(Records from a collection)
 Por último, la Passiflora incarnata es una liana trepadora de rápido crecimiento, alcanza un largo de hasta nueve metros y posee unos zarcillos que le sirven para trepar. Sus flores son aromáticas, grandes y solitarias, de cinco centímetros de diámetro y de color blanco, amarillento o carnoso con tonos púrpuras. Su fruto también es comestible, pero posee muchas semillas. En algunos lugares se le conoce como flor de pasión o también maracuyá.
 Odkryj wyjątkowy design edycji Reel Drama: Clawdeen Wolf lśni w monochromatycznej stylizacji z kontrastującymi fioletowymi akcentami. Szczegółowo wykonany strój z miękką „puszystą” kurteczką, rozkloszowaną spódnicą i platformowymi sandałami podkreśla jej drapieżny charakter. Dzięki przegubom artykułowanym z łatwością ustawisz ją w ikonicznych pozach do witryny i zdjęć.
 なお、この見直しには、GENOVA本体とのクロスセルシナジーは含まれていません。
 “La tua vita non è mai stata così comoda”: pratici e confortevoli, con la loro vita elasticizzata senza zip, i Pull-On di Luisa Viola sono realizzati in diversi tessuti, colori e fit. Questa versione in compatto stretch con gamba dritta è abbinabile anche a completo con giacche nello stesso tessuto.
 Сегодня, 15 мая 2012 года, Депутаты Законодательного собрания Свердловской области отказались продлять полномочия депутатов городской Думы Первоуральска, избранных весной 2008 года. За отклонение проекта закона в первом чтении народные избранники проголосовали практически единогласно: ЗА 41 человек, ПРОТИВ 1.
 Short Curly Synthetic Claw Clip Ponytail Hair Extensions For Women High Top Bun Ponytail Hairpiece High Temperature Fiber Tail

--

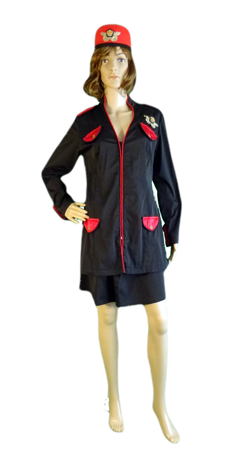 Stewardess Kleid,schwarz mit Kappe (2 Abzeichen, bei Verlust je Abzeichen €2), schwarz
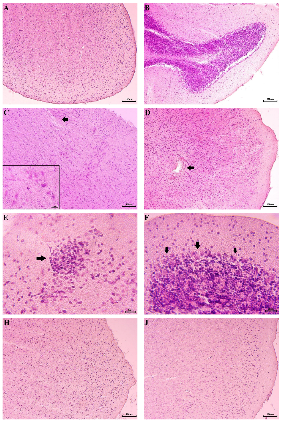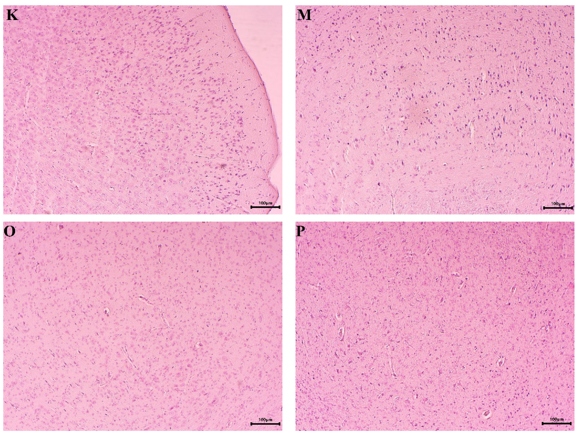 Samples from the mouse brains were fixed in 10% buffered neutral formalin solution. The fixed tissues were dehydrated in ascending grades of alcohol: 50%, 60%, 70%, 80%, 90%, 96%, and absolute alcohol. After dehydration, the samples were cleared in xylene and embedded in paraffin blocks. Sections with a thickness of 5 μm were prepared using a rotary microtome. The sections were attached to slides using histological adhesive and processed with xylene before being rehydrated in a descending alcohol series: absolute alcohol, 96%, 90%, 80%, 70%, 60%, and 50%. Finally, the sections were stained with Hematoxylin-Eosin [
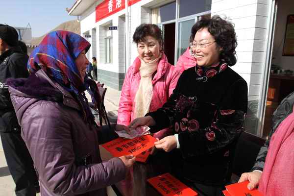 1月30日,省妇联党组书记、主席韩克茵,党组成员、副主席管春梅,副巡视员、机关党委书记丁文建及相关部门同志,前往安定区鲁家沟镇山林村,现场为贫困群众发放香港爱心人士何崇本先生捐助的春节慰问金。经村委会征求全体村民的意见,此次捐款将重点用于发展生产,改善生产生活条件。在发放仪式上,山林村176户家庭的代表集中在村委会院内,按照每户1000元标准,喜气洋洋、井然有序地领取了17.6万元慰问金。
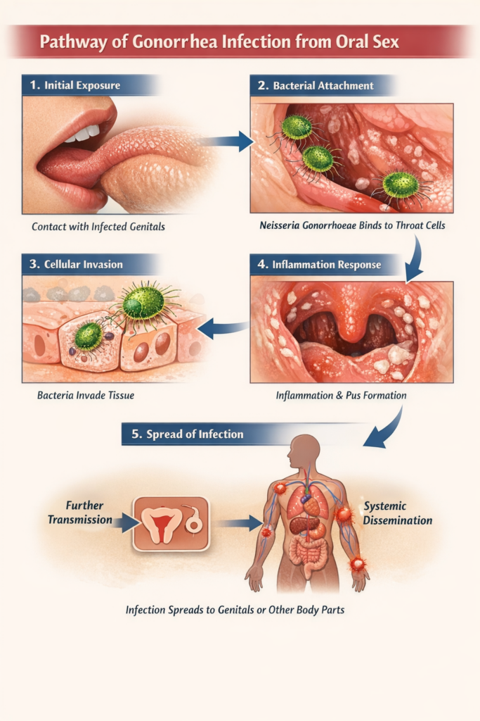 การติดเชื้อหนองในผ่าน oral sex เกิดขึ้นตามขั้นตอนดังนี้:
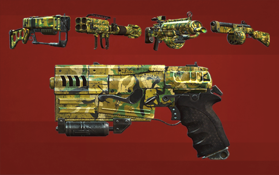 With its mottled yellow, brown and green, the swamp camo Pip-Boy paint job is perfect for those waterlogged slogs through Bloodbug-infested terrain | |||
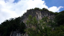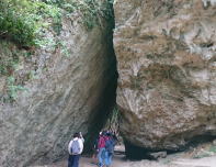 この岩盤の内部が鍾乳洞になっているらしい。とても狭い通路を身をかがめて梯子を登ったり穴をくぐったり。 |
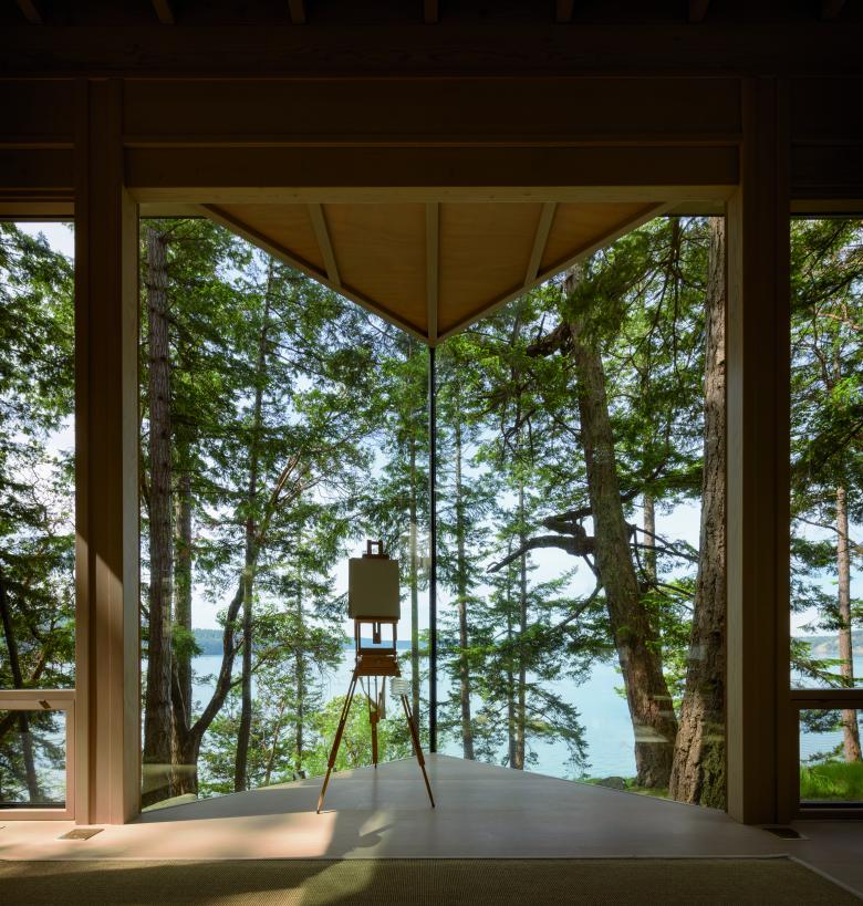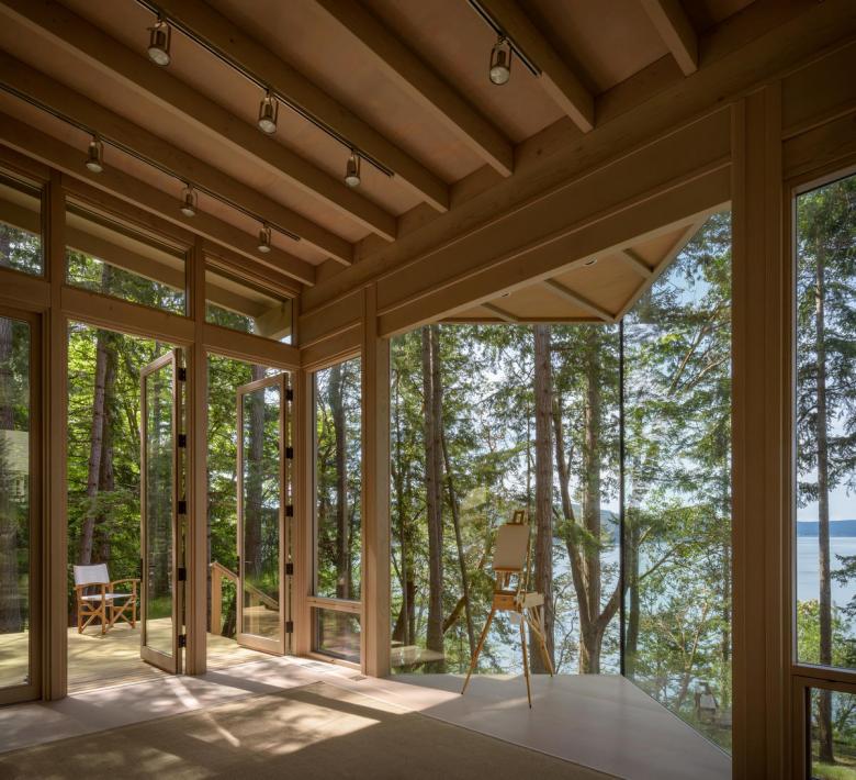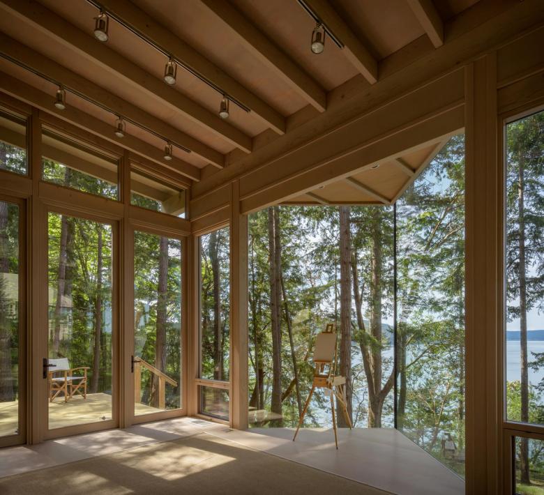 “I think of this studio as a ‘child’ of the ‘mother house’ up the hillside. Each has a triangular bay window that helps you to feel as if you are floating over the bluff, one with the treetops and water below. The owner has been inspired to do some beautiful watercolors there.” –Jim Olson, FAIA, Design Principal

__WHAT IS REQUIRED__.
Your output should be the lines above from the one that contains "การติดเชื้อหนองในผ่าน oral sex" through the one that contains "FAIA, Design Principal", word for word, with pictures left out.

__TASK ANSWER__.
 การติดเชื้อหนองในผ่าน oral sex เกิดขึ้นตามขั้นตอนดังนี้:
 With its mottled yellow, brown and green, the swamp camo Pip-Boy paint job is perfect for those waterlogged slogs through Bloodbug-infested terrain | |||
 この岩盤の内部が鍾乳洞になっているらしい。とても狭い通路を身をかがめて梯子を登ったり穴をくぐったり。 |
 “I think of this studio as a ‘child’ of the ‘mother house’ up the hillside. Each has a triangular bay window that helps you to feel as if you are floating over the bluff, one with the treetops and water below. The owner has been inspired to do some beautiful watercolors there.” –Jim Olson, FAIA, Design Principal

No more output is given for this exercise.